How Boeing flies in the face of conventions
Aerospace leader Boeing’s corporate website is a new type that should be studied by
Until a few months ago Boeing, the world’s biggest aerospace company, had a website that was intriguing, though as much for its horrors as for its innovation. It gave the impression of having been gathered together rather than built – there was no hierarchy that I could detect, the look and feel was in many places basic and getting around was a nightmare. A brave attempt was made to hold it together with a ‘site navigator’ device, but the chaos was just too great to bring more than a semblance of order.
Boeing has sensibly started again, though there are places where the old regime hangs on. Drill down to the Surplus Sales area, within Shared Services, and you will find lists of forklift trucks and X-ray machines that you can buy, but on pages with no connection to the rest of the site.

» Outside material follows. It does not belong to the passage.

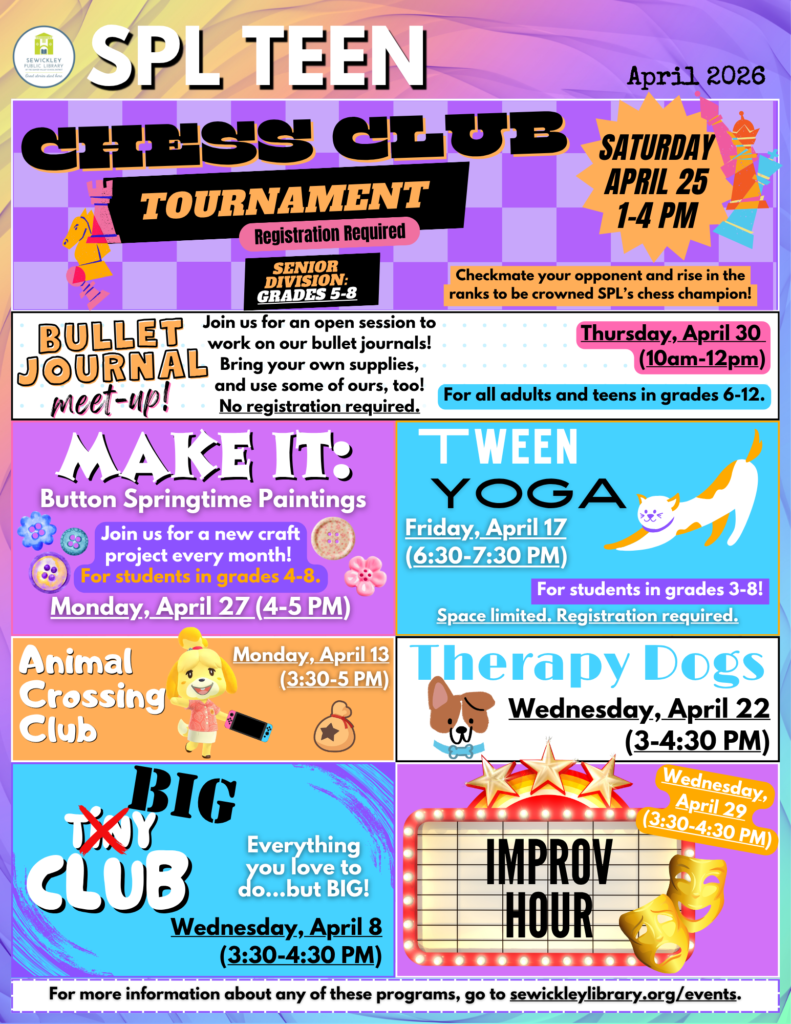 Want the latest info on what’s happening in the Teen Department? Sign up for the email list, and never miss an awesome program again!

The country sites are still uncoordinated and limited – the group continues to come across as a US company with a few foreign bits, rather than an international operator. But overall the site is a million times better, with good conventional navigation, a clean look – all the things a strong corporate site should have. Except it has much more, which is why it is so intriguing.
Work before brand or brochure
The Surplus Sales area (www.boeing.com/surplus) is a clue. Here is a page that says ‘What do you want to buy today? The chances are we have it!’. This may well be true if you are looking for second-hand machine tools, as well as some oddities like a complete set of gym equipment – lots are for sale by auction.
Why is this special? Because it shows that Boeing sees its website first and foremost as a working tool, rather than a brand-builder or glorified brochure. The company is not unique in doing this – especially among American groups. Where it may be unique (dangerous to say, though I don’t know any others that do the same) is in the extent to which it uses the public site to communicate with employees and former employees. An Employee/Retiree link on every page leads to a section that includes areas such as Benefits & Compensation, Employee Assistance Program and Recreation Clubs. While some of the pages are password-protected, many are not – which is why I have been reading about the Parapsychology Club in Seattle (meets third Monday of the month) and the Toastmasters Club in Wichita (every Wednesday).
This is information that would normally be found on the intranet, so why is it here in the open? The answer, I suspect, is why not? There will be times when staff will want to check things out from their homes. Anyway, what is the problem with making it openly available? It could even (though I doubt this was an intention) make Boeing seem like a better place for would-be employees.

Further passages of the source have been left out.